##### LISTED RECORDS #####

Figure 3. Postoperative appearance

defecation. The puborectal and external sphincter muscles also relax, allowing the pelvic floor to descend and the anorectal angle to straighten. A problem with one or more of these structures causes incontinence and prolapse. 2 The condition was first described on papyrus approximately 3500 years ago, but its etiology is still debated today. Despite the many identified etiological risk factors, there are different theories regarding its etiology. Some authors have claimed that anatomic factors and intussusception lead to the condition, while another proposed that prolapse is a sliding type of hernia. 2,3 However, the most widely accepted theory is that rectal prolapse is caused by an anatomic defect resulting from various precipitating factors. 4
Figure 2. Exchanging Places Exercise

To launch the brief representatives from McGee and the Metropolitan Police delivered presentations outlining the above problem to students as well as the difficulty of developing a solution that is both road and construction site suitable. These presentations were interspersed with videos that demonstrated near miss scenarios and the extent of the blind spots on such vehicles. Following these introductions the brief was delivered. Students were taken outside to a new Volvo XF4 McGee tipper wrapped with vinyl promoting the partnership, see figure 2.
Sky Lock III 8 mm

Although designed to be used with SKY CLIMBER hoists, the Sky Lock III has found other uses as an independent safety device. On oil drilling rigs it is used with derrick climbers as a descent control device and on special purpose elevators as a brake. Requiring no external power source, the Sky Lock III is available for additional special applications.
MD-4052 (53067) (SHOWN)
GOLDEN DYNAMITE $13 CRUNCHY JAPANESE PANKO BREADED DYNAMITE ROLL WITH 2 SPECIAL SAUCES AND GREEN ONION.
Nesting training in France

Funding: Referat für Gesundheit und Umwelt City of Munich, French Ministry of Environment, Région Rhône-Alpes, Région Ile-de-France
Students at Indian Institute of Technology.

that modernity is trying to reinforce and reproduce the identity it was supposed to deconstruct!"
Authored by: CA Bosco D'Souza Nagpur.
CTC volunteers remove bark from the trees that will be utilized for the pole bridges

#####

WHAT TO PRODUCE:
Would you copy each line of the data exactly as it appears above?

ANSWER TO THE EXERCISE:
Figure 3. Postoperative appearance

defecation. The puborectal and external sphincter muscles also relax, allowing the pelvic floor to descend and the anorectal angle to straighten. A problem with one or more of these structures causes incontinence and prolapse. 2 The condition was first described on papyrus approximately 3500 years ago, but its etiology is still debated today. Despite the many identified etiological risk factors, there are different theories regarding its etiology. Some authors have claimed that anatomic factors and intussusception lead to the condition, while another proposed that prolapse is a sliding type of hernia. 2,3 However, the most widely accepted theory is that rectal prolapse is caused by an anatomic defect resulting from various precipitating factors. 4
Figure 2. Exchanging Places Exercise

To launch the brief representatives from McGee and the Metropolitan Police delivered presentations outlining the above problem to students as well as the difficulty of developing a solution that is both road and construction site suitable. These presentations were interspersed with videos that demonstrated near miss scenarios and the extent of the blind spots on such vehicles. Following these introductions the brief was delivered. Students were taken outside to a new Volvo XF4 McGee tipper wrapped with vinyl promoting the partnership, see figure 2.
Sky Lock III 8 mm

Although designed to be used with SKY CLIMBER hoists, the Sky Lock III has found other uses as an independent safety device. On oil drilling rigs it is used with derrick climbers as a descent control device and on special purpose elevators as a brake. Requiring no external power source, the Sky Lock III is available for additional special applications.
MD-4052 (53067) (SHOWN)
GOLDEN DYNAMITE $13 CRUNCHY JAPANESE PANKO BREADED DYNAMITE ROLL WITH 2 SPECIAL SAUCES AND GREEN ONION.
Nesting training in France

Funding: Referat für Gesundheit und Umwelt City of Munich, French Ministry of Environment, Région Rhône-Alpes, Région Ile-de-France
Students at Indian Institute of Technology.

that modernity is trying to reinforce and reproduce the identity it was supposed to deconstruct!"
Authored by: CA Bosco D'Souza Nagpur.
CTC volunteers remove bark from the trees that will be utilized for the pole bridges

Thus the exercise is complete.